To do
The lines below from the one with "基礎工事中でした。基礎工事の邪魔にならぬよう作業をさせて頂きます。" up to and including the one with "Young smiling woman" are what you should set down, exactly and without pictures.

Information shown

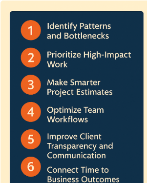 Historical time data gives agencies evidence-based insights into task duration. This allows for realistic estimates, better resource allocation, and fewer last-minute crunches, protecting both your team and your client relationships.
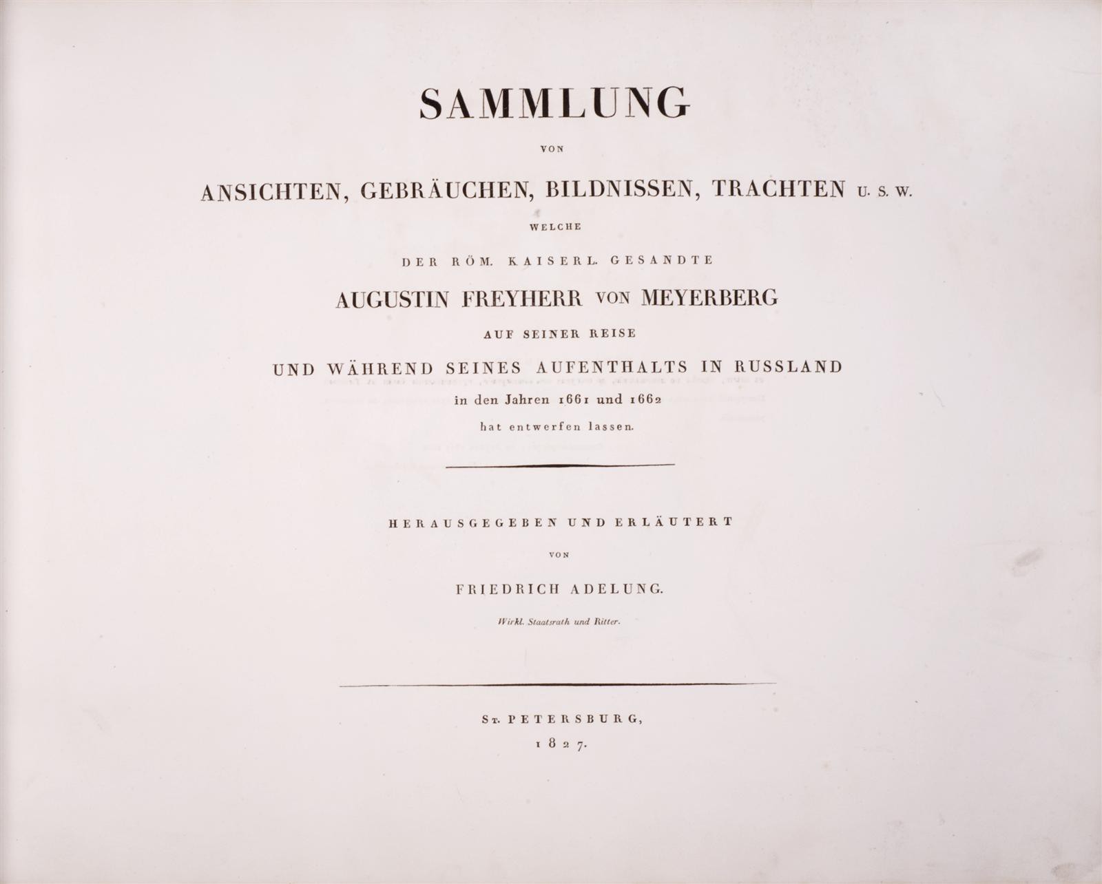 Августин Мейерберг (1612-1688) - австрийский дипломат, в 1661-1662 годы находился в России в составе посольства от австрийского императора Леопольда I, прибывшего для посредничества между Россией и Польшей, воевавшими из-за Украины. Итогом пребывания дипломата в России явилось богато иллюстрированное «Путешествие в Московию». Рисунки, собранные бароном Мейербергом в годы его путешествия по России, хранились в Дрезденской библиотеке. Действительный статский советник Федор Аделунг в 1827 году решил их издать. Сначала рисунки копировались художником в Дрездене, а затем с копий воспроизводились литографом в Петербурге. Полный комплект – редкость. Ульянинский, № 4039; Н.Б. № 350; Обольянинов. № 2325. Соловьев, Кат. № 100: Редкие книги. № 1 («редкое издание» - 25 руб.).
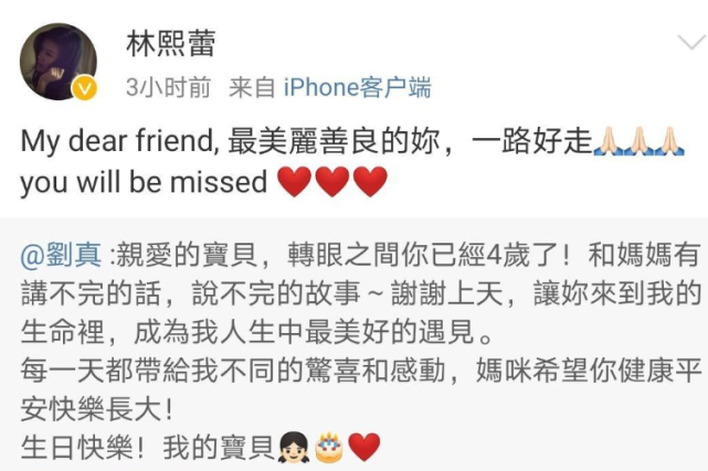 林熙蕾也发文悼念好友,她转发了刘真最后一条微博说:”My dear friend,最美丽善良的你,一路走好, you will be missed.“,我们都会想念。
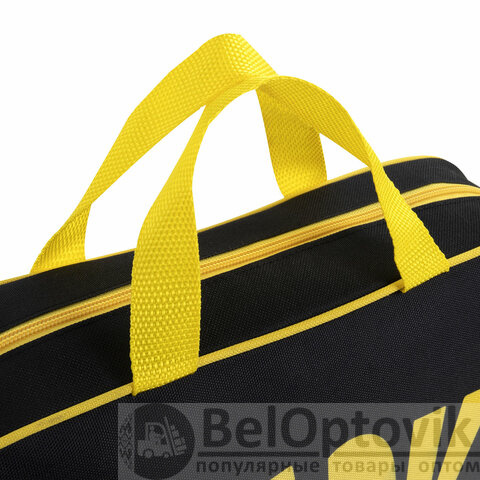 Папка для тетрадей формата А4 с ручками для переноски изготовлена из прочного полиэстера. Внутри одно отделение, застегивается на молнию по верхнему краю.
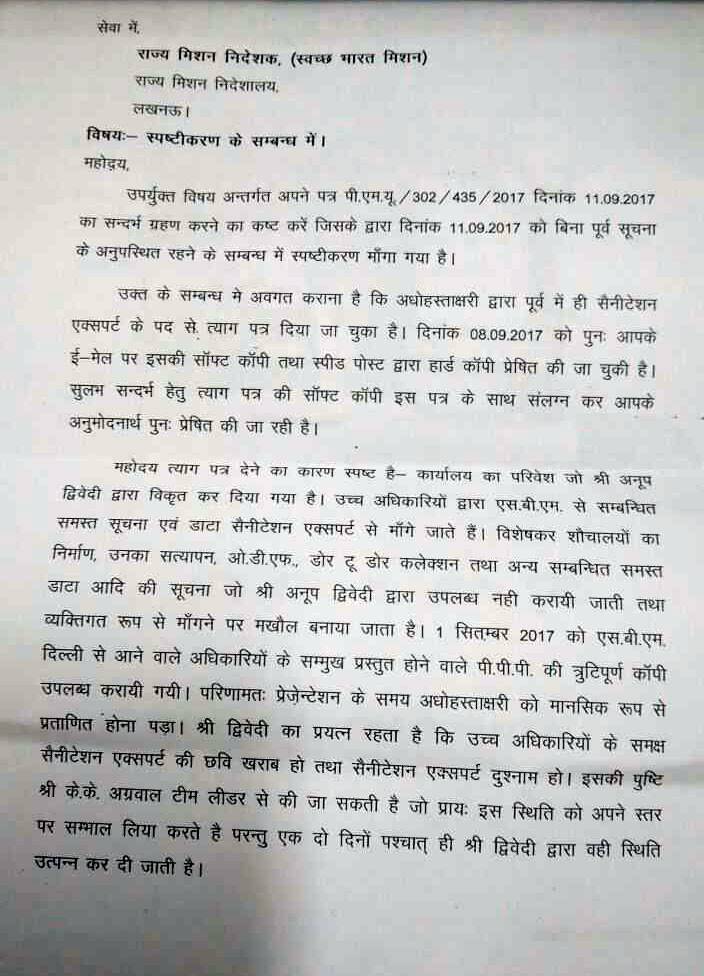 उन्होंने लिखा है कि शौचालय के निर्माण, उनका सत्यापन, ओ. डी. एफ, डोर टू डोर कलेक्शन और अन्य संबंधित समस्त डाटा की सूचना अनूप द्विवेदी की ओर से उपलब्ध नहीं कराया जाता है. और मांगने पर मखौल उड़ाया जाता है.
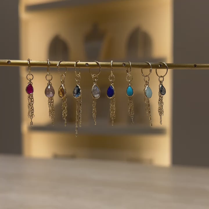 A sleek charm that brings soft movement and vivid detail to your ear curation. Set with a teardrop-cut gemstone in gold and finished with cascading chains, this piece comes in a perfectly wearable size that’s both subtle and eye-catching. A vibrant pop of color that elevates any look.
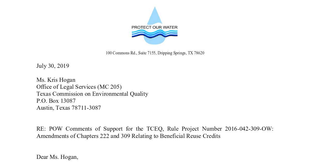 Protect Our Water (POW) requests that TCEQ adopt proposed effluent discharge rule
==
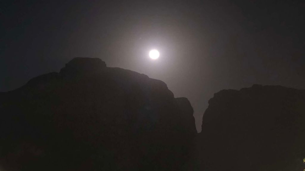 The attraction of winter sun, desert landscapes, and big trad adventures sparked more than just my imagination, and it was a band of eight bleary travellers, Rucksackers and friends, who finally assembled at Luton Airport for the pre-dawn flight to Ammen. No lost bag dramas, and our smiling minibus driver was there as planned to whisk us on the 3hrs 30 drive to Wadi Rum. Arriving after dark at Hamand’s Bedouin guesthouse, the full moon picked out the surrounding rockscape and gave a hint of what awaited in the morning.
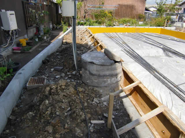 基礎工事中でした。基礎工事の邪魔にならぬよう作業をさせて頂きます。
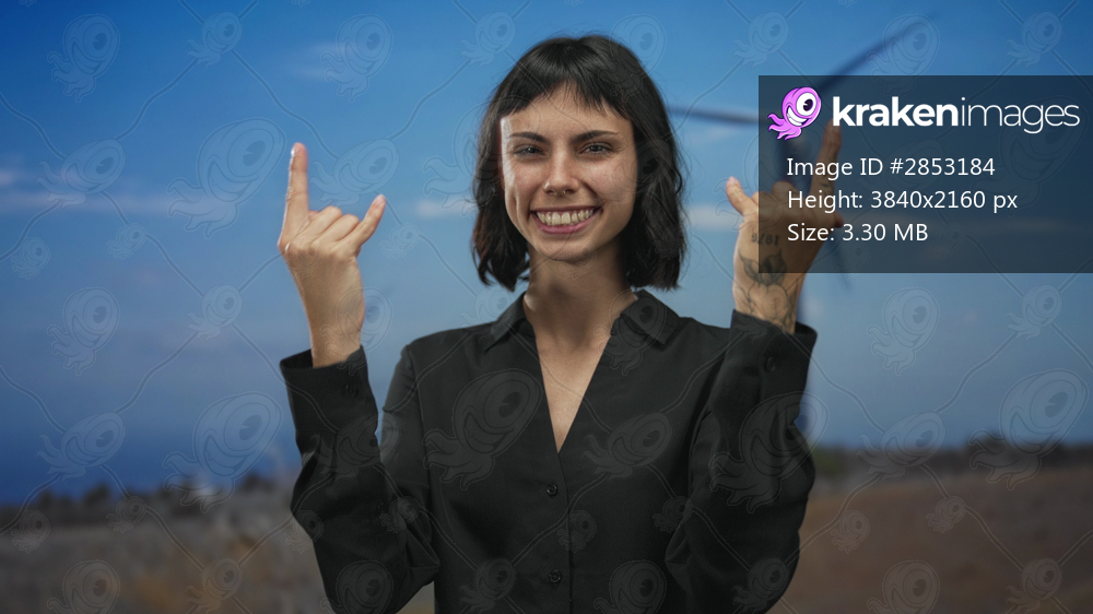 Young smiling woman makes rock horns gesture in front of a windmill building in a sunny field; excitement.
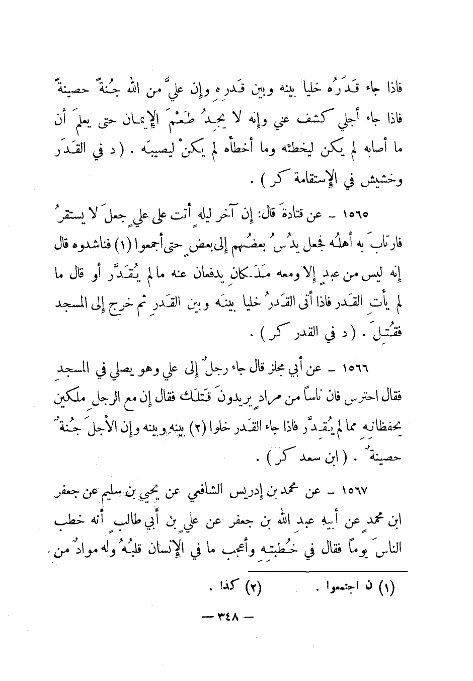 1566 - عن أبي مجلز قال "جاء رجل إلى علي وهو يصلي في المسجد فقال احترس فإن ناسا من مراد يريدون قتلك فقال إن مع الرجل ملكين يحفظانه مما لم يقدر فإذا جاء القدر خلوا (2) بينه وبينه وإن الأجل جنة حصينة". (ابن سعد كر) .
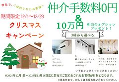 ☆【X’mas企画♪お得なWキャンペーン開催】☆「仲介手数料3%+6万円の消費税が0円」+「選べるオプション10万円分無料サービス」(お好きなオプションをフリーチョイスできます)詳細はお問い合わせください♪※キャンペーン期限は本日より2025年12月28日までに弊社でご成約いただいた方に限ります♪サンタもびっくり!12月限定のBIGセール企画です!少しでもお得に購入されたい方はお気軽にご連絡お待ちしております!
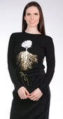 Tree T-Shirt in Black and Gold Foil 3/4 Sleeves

Solution to this exercise
 基礎工事中でした。基礎工事の邪魔にならぬよう作業をさせて頂きます。
 Young smiling woman makes rock horns gesture in front of a windmill building in a sunny field; excitement.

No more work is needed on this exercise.